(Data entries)
* * * * *

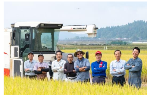
西里ファームの皆様
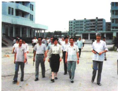
1990年原卫生部副部长何界生来院视察
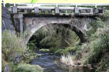
みゆきばし ひわき ④幸橋(樋脇)
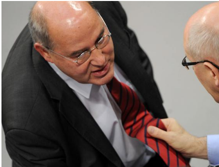
Dr. Gregor Gysi, Fraktionsvorsitzender von DIE LINKE, Dezember 2011
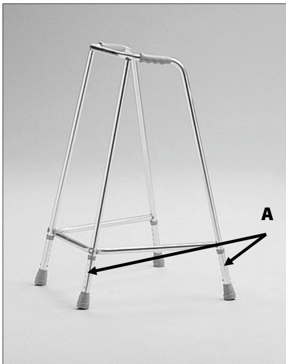
Umístění aretačních pojistek
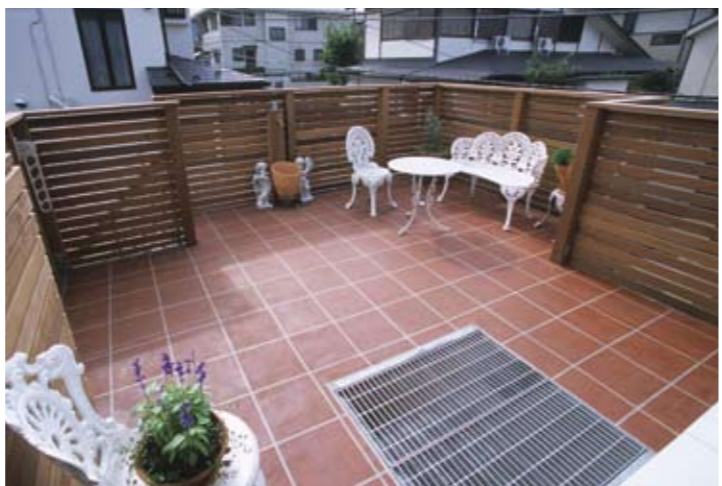
コスト・デザイン・耐久性・軽量化を実現した、グランドインブルーで仕上げたタイル調の屋上

鉄骨造の駐車場のデッキスペースは、コンクリートへ特殊な工法で着色するグランドインブルーを使って、コスト・デザイン・耐久性・軽量化と納得のタイル調に仕上げました。既存1Fサンルームの採光を考慮し、床の一部をグレーチングにしたことで、光が透過する仕組みをもうけました。緑を楽しんだり、思いっきり洗濯物を干したり、ご友人を招いてのホームパーティーが楽しめる、大満足のデッキができました。
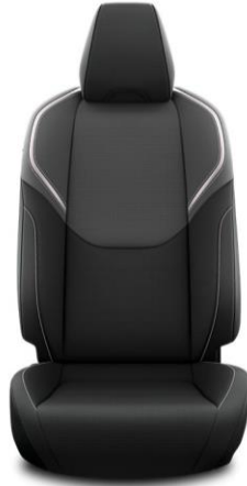
Sitzbezug Stoff, schwarz
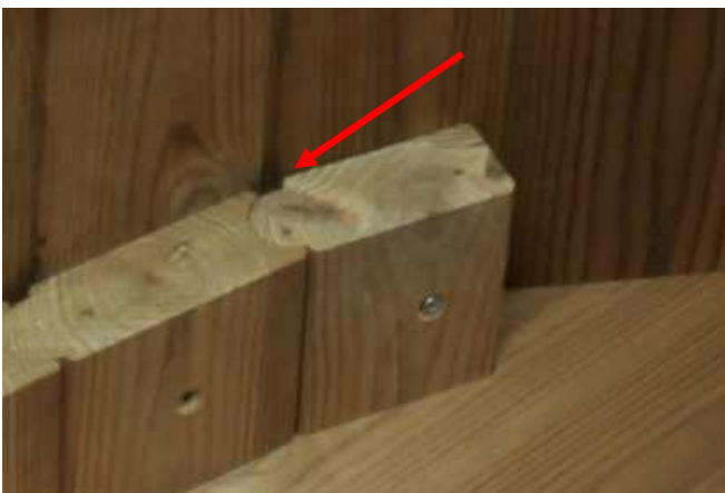
For det første støttestykke i henhold til pilen
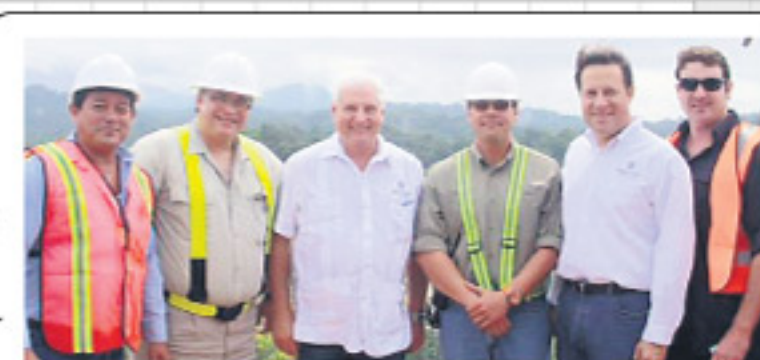
El 4 de abril de 2011, en abierto respaldo a la actividad, por primera vez el presidente Martinelli visitó la mina en Donoso, Colón, para conocer los avances de la empresa, que empezó operaciones comerciales el 8 de enero de 2010.
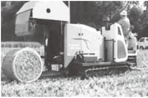
稲発酵粗飼料は、ロール状にして収穫します

市内での稲ワラの利用は、田に打ち込む「すきこみ」がほとんどで、はさ掛けの稲ワラの約4割・70分がすきこみされている状況となっています。（市調べ）
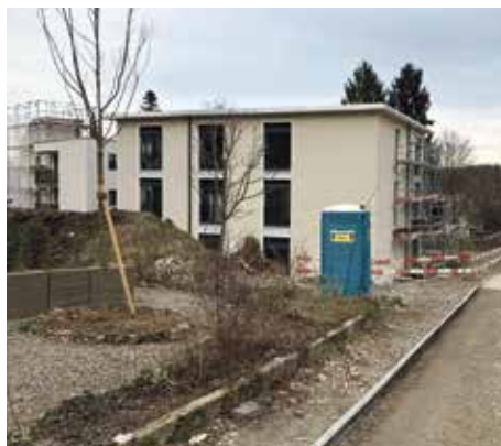
Lückenschliessung am Pappelweg – unter Inanspruchnahme der einstigen Gasbahn-Trasse.
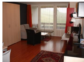
Veduta d'insieme di alloggio
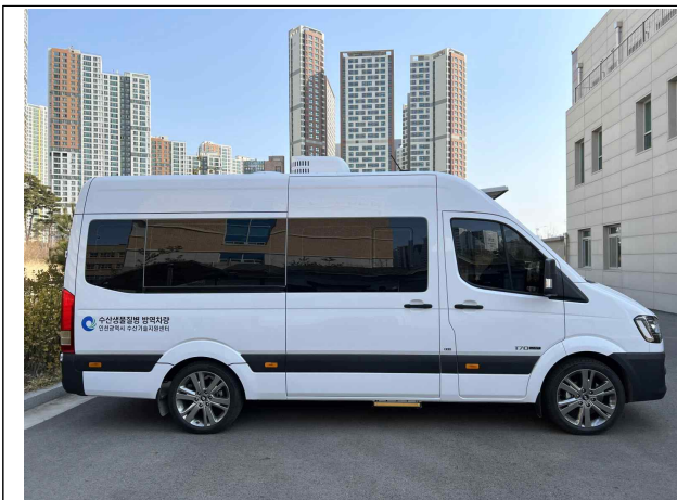
수산생물질병 방역차량 외부
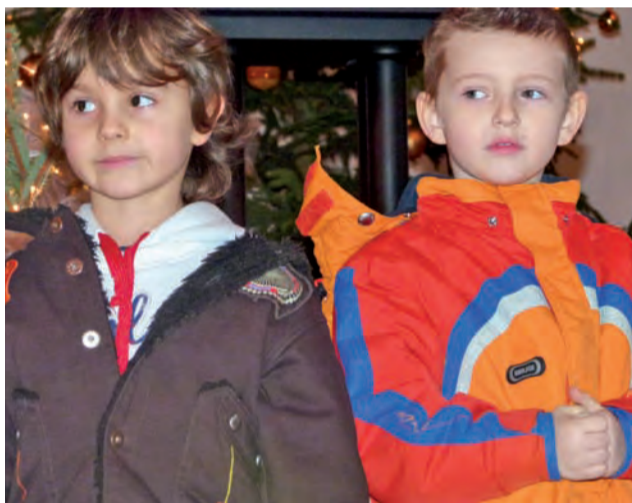
W kościele św. Maksymiliana na Zabrzeżni wystąpili także chłopcy.
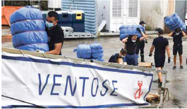
75 tonnes d'eau potable et 50 m3 de fret humanitaire vers Saint-Vincent, précise l'armée, dans un communiqué. V.D.

Au total, avec cette seconde rotation, les FAA auront acheminé
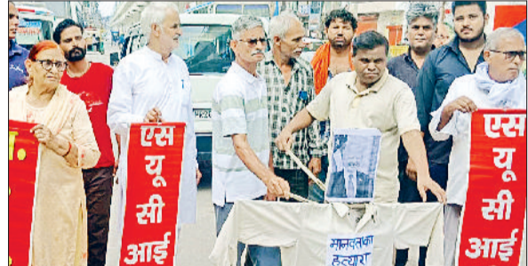
बहादुरगढ़। ट्रंप के विरोध में प्रदर्शन करते संगठन के कार्यकर्ता।

सोशलिस्ट यूनिटी सेंटर ऑफ इंडिया के कार्यकर्ताओं ने फिलिस्तीन के समर्थन में किया प्रदर्शन
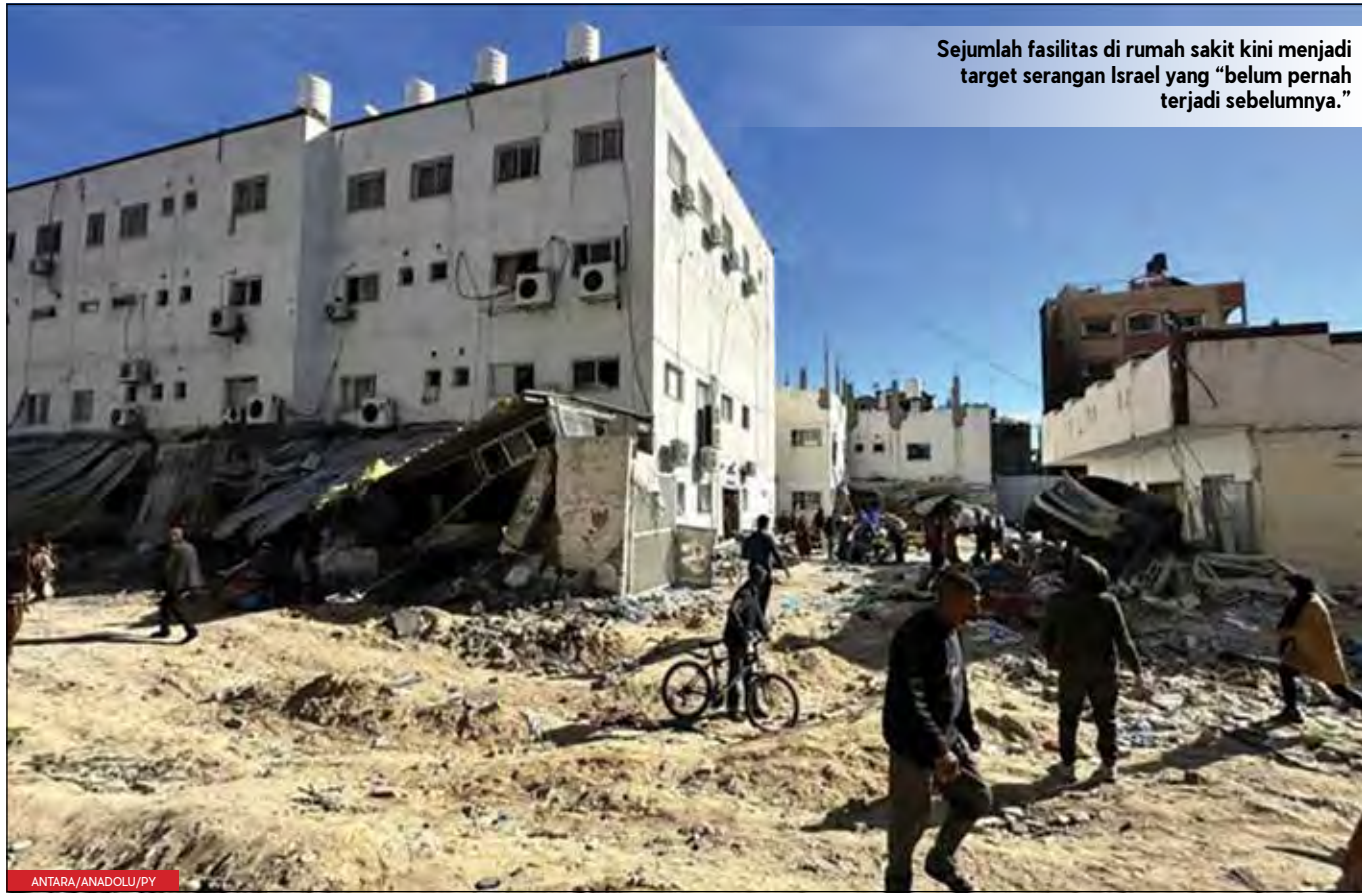
Sejumlah fasilitas di rumah sakit kini menjadi target serangan Israel yang "belum pernah terjadi sebelumnya."
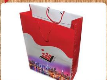
ساک دستی ایستاده بزرگ (کد: ۴۰۲۱) رنگی گلاسه ۱۳۵g ۲۵x۴۷x۱۲cm (حداقل تعداد: ۵۰۰) روکش سلفون مات ۲۵۸۰ تومان
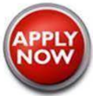
Online Application System
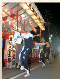
市指定無形民俗文化財 角間川盆踊り

* * * * *

▸ **What is required**: Output should consist of the lines above from the one with "Sitzbezug Stoff, schwarz" down to the one with "Veduta d'insieme di alloggio", exact and without pictures.

▸ **Reply to the task**:
Sitzbezug Stoff, schwarz
For det første støttestykke i henhold til pilen
El 4 de abril de 2011, en abierto respaldo a la actividad, por primera vez el presidente Martinelli visitó la mina en Donoso, Colón, para conocer los avances de la empresa, que empezó operaciones comerciales el 8 de enero de 2010.
稲発酵粗飼料は、ロール状にして収穫します

市内での稲ワラの利用は、田に打ち込む「すきこみ」がほとんどで、はさ掛けの稲ワラの約4割・70分がすきこみされている状況となっています。（市調べ）
Lückenschliessung am Pappelweg – unter Inanspruchnahme der einstigen Gasbahn-Trasse.
Veduta d'insieme di alloggio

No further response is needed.